### YOUR GOAL
In the answer, each line must appear exactly as in the records, and no picture may appear.
*** Opening of RECORD EXTRACTS ***
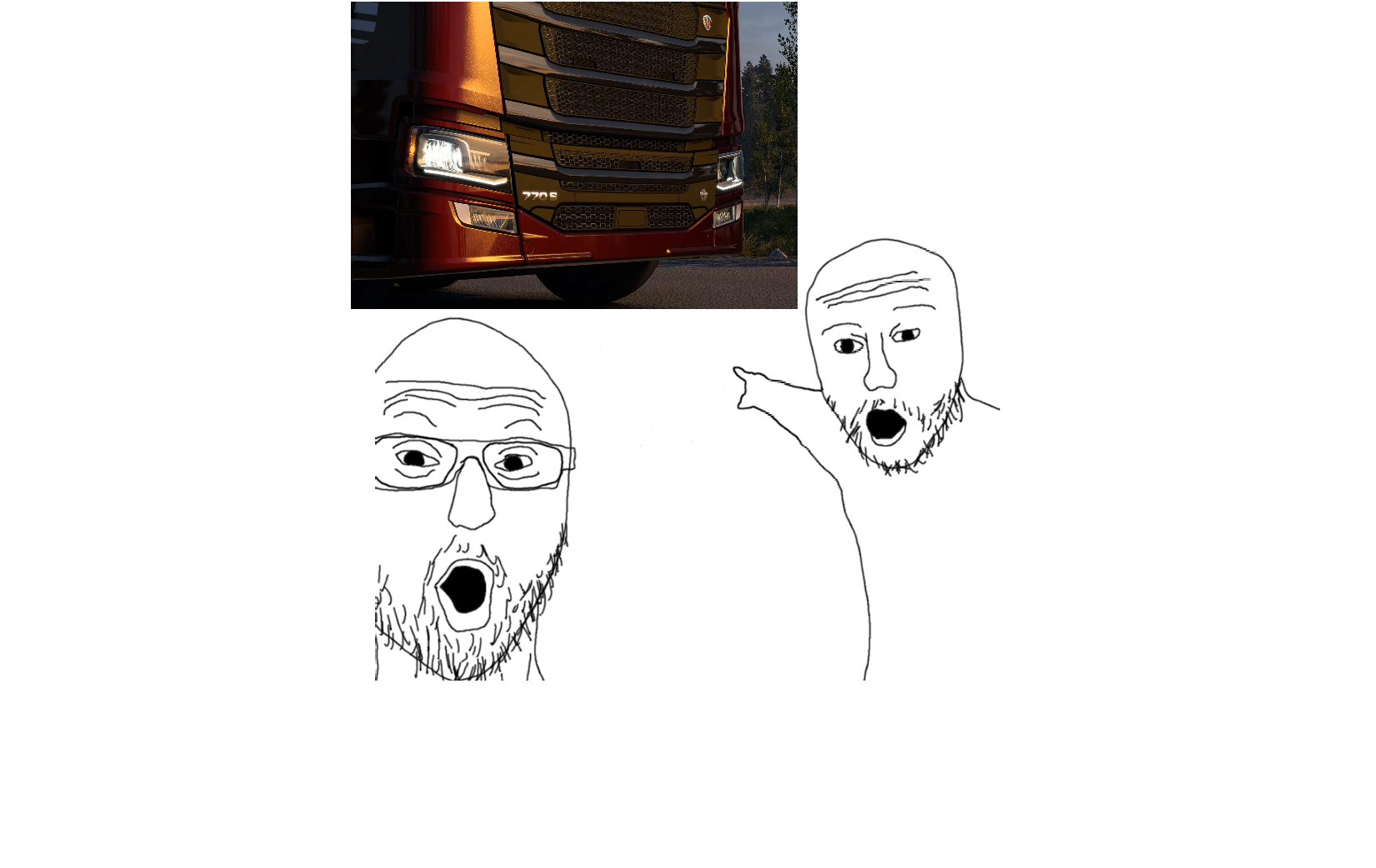>>50375324 >Скания красивый Это да, я хоть на америкосах в обеих играх, но Скании, Дафы и Маны уважаю. Для меня чисто визуально они смотрятся лучше Вольво/Мерсов или Реношек. Интересный парадокс наблюдаю с момента вката в тракосимы: С самого детства дальнобои ассоциировались с европейскими бескапотниками. После того как вкатился в ATS(чуть позже ETS) - распробовал капотники всех типов(классические крокодилы или модерновые под классику, скруглённые (а-ля вторая Каскадия/Кенворд-680, Петербильт-579) или просто модерновые. Сейчас для меня капотники - one love, как говорится. Исключение - европейские капотники. Уроды все до единого. Высеры и жалкие подобия догнать Америку. Ноу вискас.
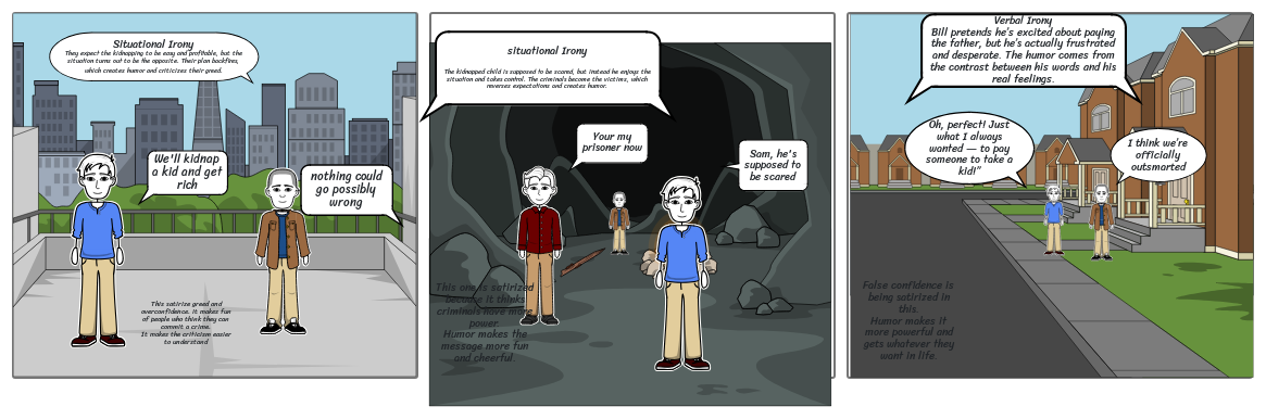 Situational IronyThey expect the kidnapping to be easy and profitable, but the situation turns out to be the opposite. Their plan backfires, which creates humor and criticizes their greed.
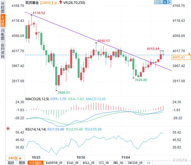 汇通财经讯——周四(11月6日),现货黄金北美时段于4000美元/盎司略微上方波动,四小时级别价格已重新靠近前期下行趋势线,短线反弹延续但尚未完成突破确认。 汇通财经APP讯——周四(11月6日),现货黄金北美时段于4000美元/盎司略微上方波动,四小时级别价格已重新靠近前期下行趋势线,短线反弹延续但尚未完成突破确认。
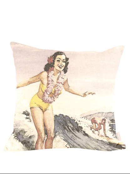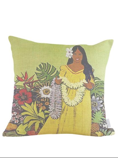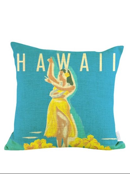 【クッションカバー】古き良きハワイの情景を描いたクッションカバー。サイズは46cm x 46cmです。
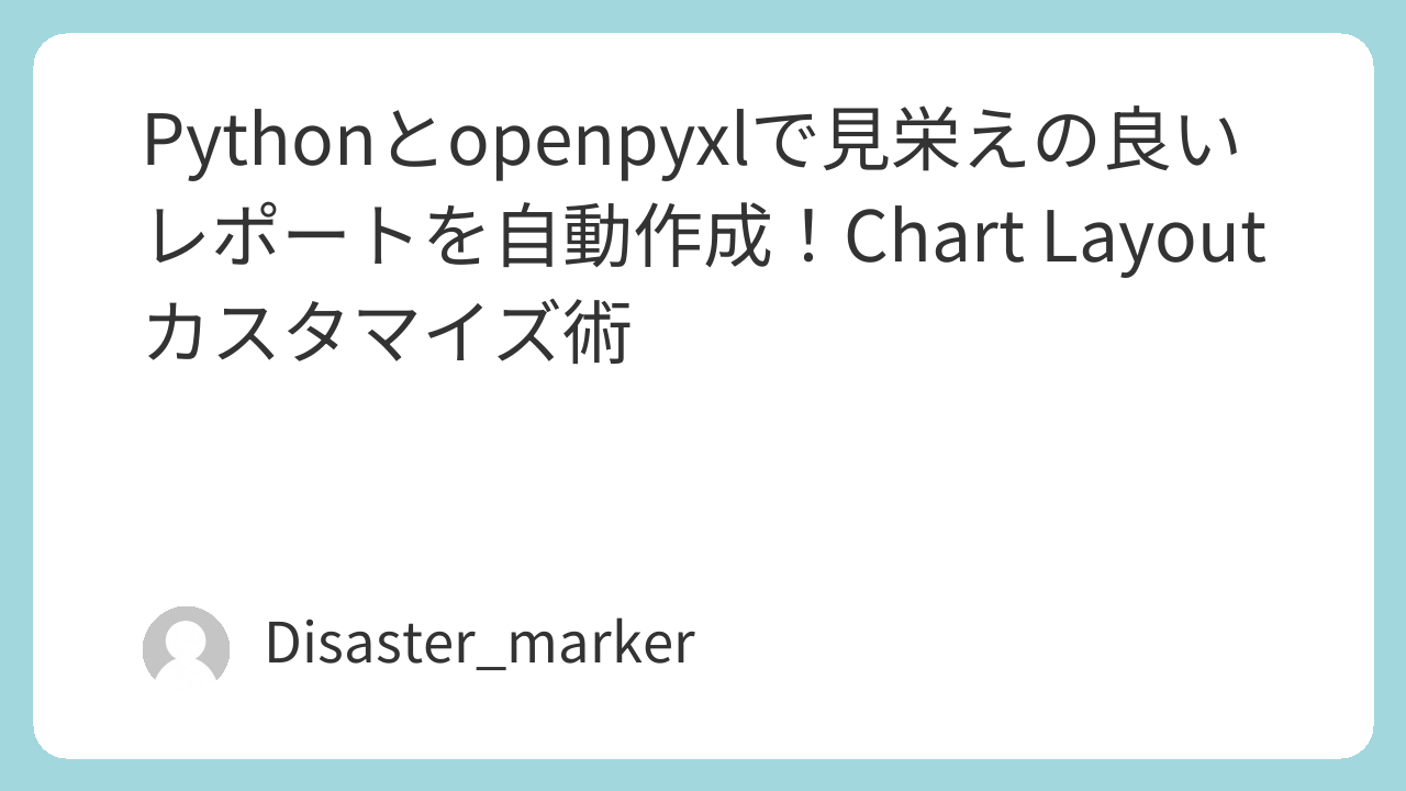openpyxlを使ってExcelのグラフ作成を自動化できるようになったものの、凡例がプロットエリアに重なってしまったり、グラフタイトルが意図しない位置に表示されたりして、結局最後は手作業で修正している…そんな経験はありませんか?
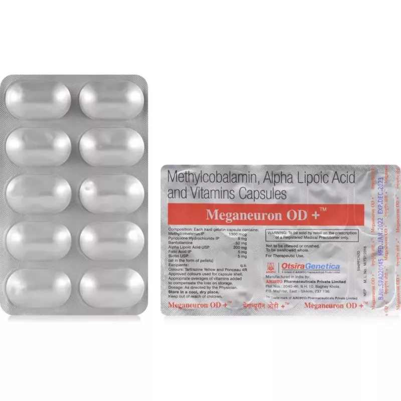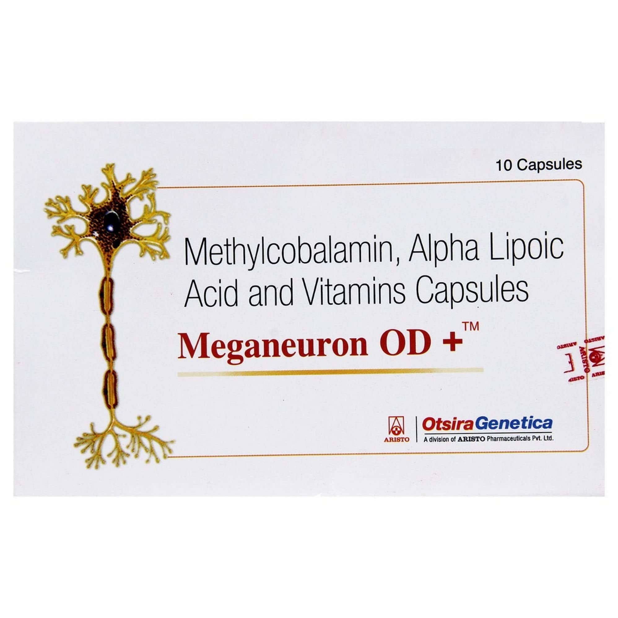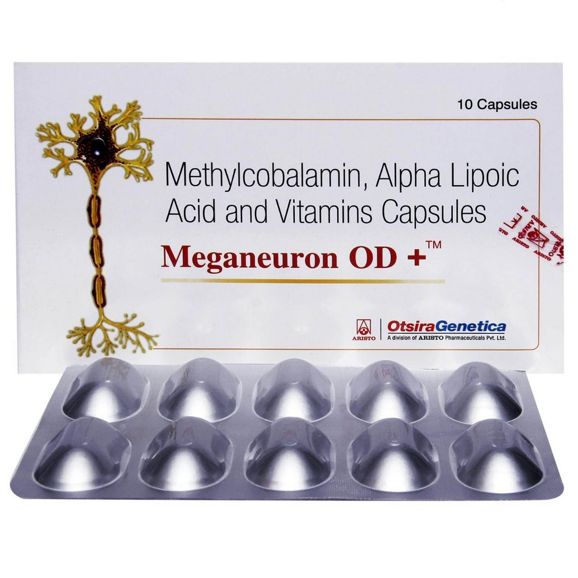 Meganeuron OD Plus Capsule is a nutritional supplement that helps improve nerve function and relieves neuropathic pain. It contains Methylcobalamin, Alpha Lipoic Acid, and Folic Acid for nerve regeneration and energy support.
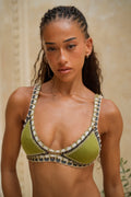Apportez une touche d'élégance à votre look estival avec ce haut de maillot en crochet kaki satiné. Confort et style assurés pour un été chic et raffiné.
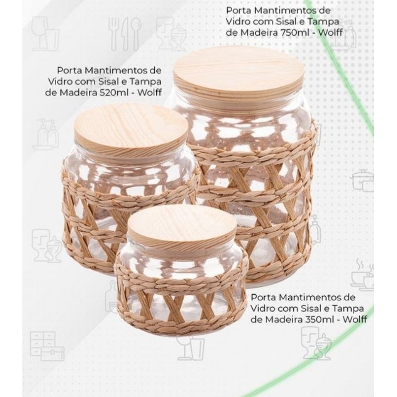Conjunto Pote de vidro com tampa de madeira e detalhes em sisal 350ml/520ml/750ml 3 potes - WOLFF
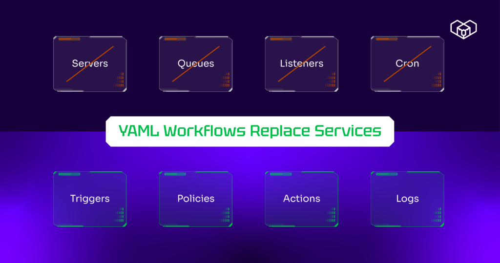 - YAML workflows replace internal services
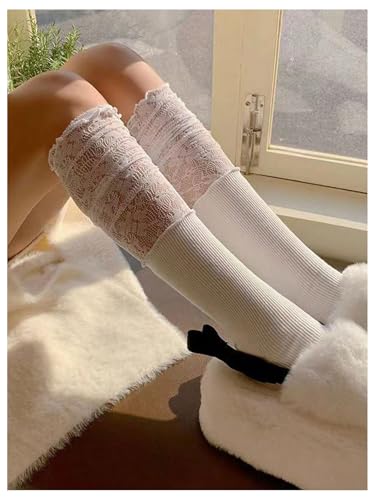 HOT ! COZYEASE Women's 1 Pair Lace Patchwork Knee High Socks Cute Y2k Boots Socks Stockings
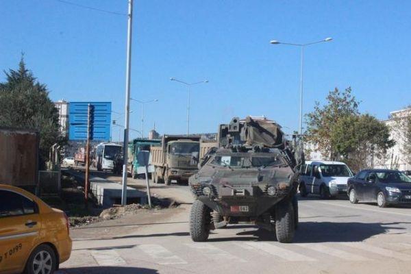 12月22日,在土耳其南部靠近叙利亚边境的基利斯,土军车队在道路上行进。
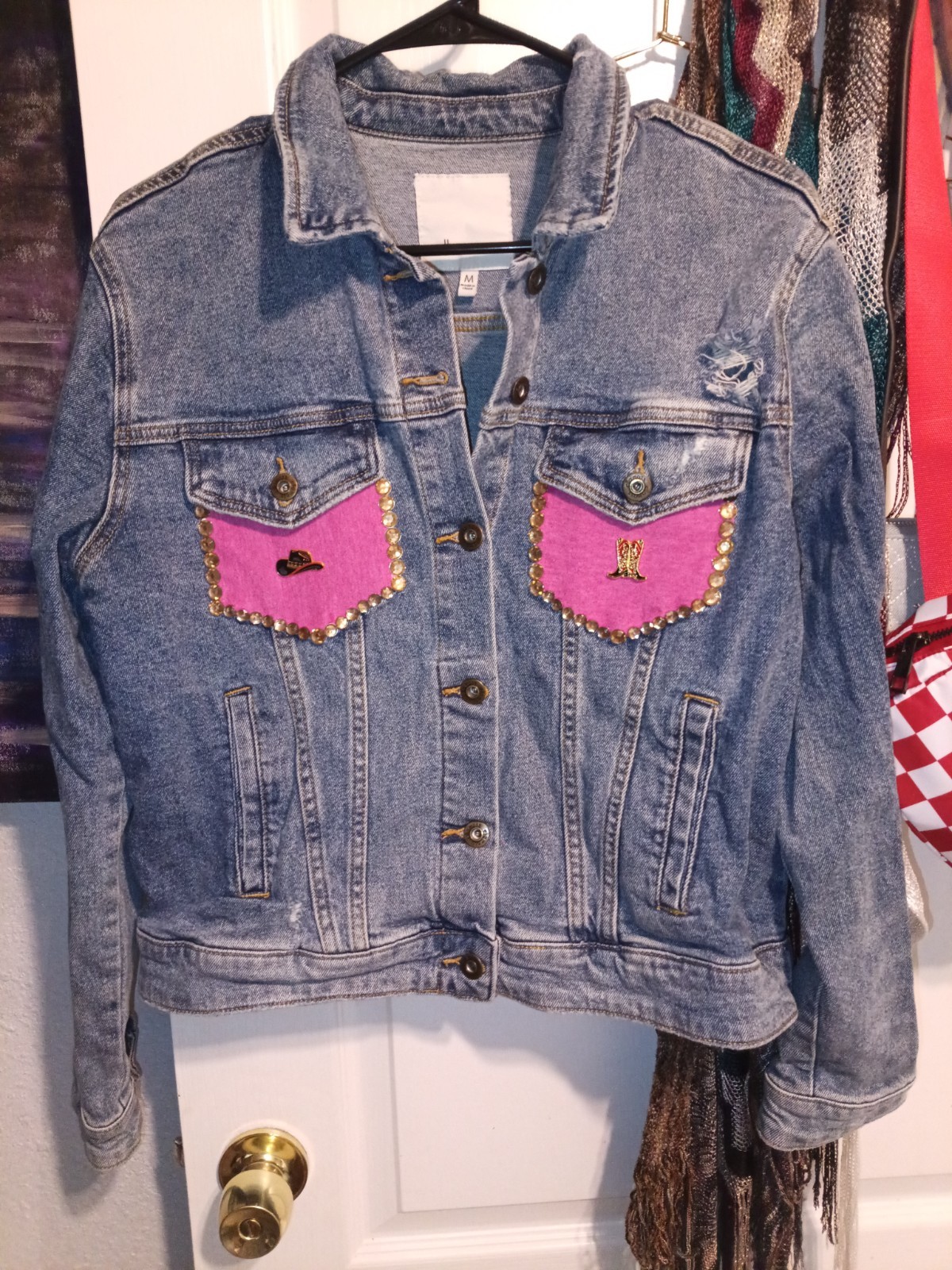 **UPCYCLED UTOPIA BOUTIQUE ORIGINAL** Upcycled/refurbished Ella Moss brand denim jacket with Western t shirt patches and bedazzled details #denimjacket
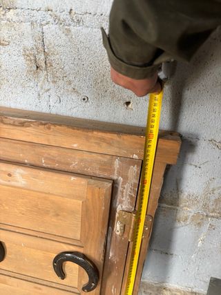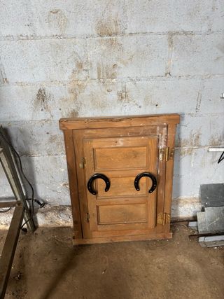 ventana pequeña para un garaje o merendero los cristales son finitos lo suyo sería poner otros - Puertas con tiradores en forma de herradura. - Acabado en madera natural
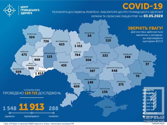 По состоянию на 9:00 3 мая в Украине зарегистрировали 11913 случаев заражения коронавирусом, из них 288 человек погибли, 1547 выздоровели. За минувшие сутки COVID-19 диагностировали у 502 человека.
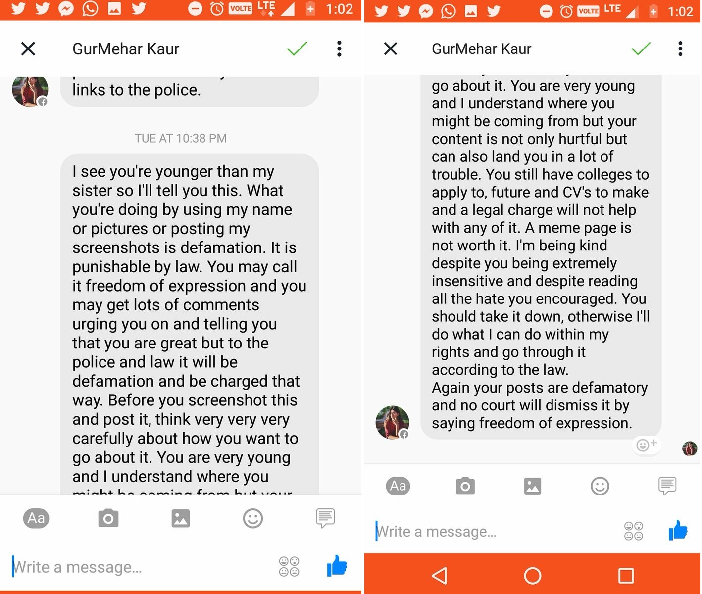 Like a true left-leaning activist, she allegedly decided to attack the career and livelihood prospects of the boys. In a screenshot of messages allegedly sent by her, she is seen warning the boys with threats of defamation case, police action, and a destroyed career where they may not get admissions in good colleges and may even fail to get jobs:
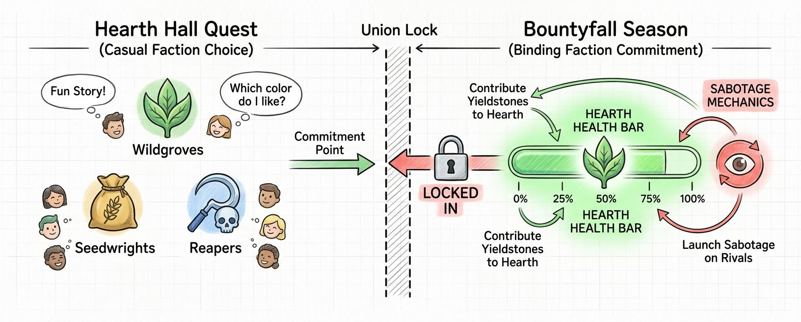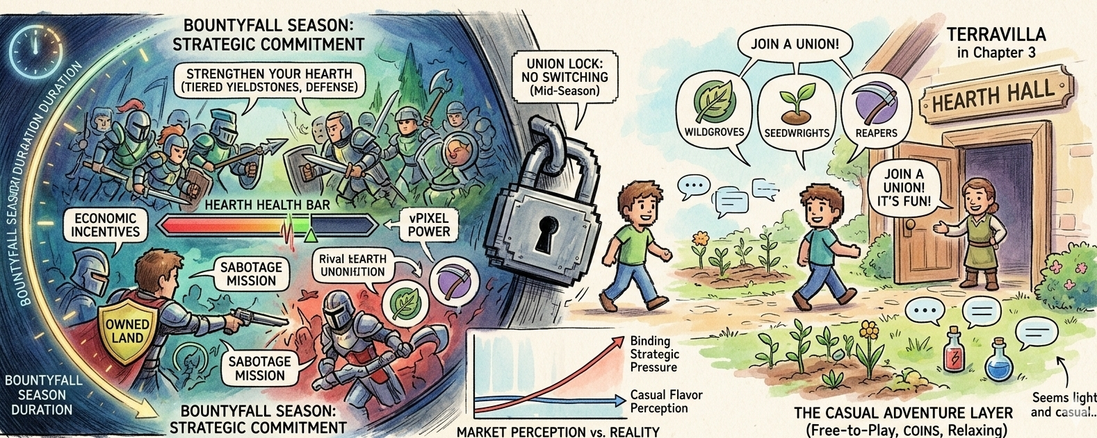 What keeps bothering me about Pixels is how the Hearth Hall quest in Terravilla makes choosing a Union feel like a light, fun story decision, but the moment you pick one it quietly locks you in for the entire Bountyfall season. I noticed it last week when I finally reached the hall and had to commit to Wildgroves, Seedwrights, or Reapers. The NPC dialogue made it sound casual, yet as soon as I chose, the sabotage mechanics and Hearth health bar turned that choice into something with real consequences. It felt strange because the game still presents itself as relaxed farming and exploration, but this one decision adds a layer of strategic risk most players probably don’t fully anticipate when they first walk in.
*** Close of RECORD EXTRACTS ***
### RESPONSE BOX
>>50375324 >Скания красивый Это да, я хоть на америкосах в обеих играх, но Скании, Дафы и Маны уважаю. Для меня чисто визуально они смотрятся лучше Вольво/Мерсов или Реношек. Интересный парадокс наблюдаю с момента вката в тракосимы: С самого детства дальнобои ассоциировались с европейскими бескапотниками. После того как вкатился в ATS(чуть позже ETS) - распробовал капотники всех типов(классические крокодилы или модерновые под классику, скруглённые (а-ля вторая Каскадия/Кенворд-680, Петербильт-579) или просто модерновые. Сейчас для меня капотники - one love, как говорится. Исключение - европейские капотники. Уроды все до единого. Высеры и жалкие подобия догнать Америку. Ноу вискас.
 Situational IronyThey expect the kidnapping to be easy and profitable, but the situation turns out to be the opposite. Their plan backfires, which creates humor and criticizes their greed.
 汇通财经讯——周四(11月6日),现货黄金北美时段于4000美元/盎司略微上方波动,四小时级别价格已重新靠近前期下行趋势线,短线反弹延续但尚未完成突破确认。 汇通财经APP讯——周四(11月6日),现货黄金北美时段于4000美元/盎司略微上方波动,四小时级别价格已重新靠近前期下行趋势线,短线反弹延续但尚未完成突破确认。
 【クッションカバー】古き良きハワイの情景を描いたクッションカバー。サイズは46cm x 46cmです。
openpyxlを使ってExcelのグラフ作成を自動化できるようになったものの、凡例がプロットエリアに重なってしまったり、グラフタイトルが意図しない位置に表示されたりして、結局最後は手作業で修正している…そんな経験はありませんか?
 Meganeuron OD Plus Capsule is a nutritional supplement that helps improve nerve function and relieves neuropathic pain. It contains Methylcobalamin, Alpha Lipoic Acid, and Folic Acid for nerve regeneration and energy support.
Apportez une touche d'élégance à votre look estival avec ce haut de maillot en crochet kaki satiné. Confort et style assurés pour un été chic et raffiné.
Conjunto Pote de vidro com tampa de madeira e detalhes em sisal 350ml/520ml/750ml 3 potes - WOLFF
 - YAML workflows replace internal services
 HOT ! COZYEASE Women's 1 Pair Lace Patchwork Knee High Socks Cute Y2k Boots Socks Stockings
 12月22日,在土耳其南部靠近叙利亚边境的基利斯,土军车队在道路上行进。
 **UPCYCLED UTOPIA BOUTIQUE ORIGINAL** Upcycled/refurbished Ella Moss brand denim jacket with Western t shirt patches and bedazzled details #denimjacket
 ventana pequeña para un garaje o merendero los cristales son finitos lo suyo sería poner otros - Puertas con tiradores en forma de herradura. - Acabado en madera natural
 По состоянию на 9:00 3 мая в Украине зарегистрировали 11913 случаев заражения коронавирусом, из них 288 человек погибли, 1547 выздоровели. За минувшие сутки COVID-19 диагностировали у 502 человека.
 Like a true left-leaning activist, she allegedly decided to attack the career and livelihood prospects of the boys. In a screenshot of messages allegedly sent by her, she is seen warning the boys with threats of defamation case, police action, and a destroyed career where they may not get admissions in good colleges and may even fail to get jobs:
 What keeps bothering me about Pixels is how the Hearth Hall quest in Terravilla makes choosing a Union feel like a light, fun story decision, but the moment you pick one it quietly locks you in for the entire Bountyfall season. I noticed it last week when I finally reached the hall and had to commit to Wildgroves, Seedwrights, or Reapers. The NPC dialogue made it sound casual, yet as soon as I chose, the sabotage mechanics and Hearth health bar turned that choice into something with real consequences. It felt strange because the game still presents itself as relaxed farming and exploration, but this one decision adds a layer of strategic risk most players probably don’t fully anticipate when they first walk in.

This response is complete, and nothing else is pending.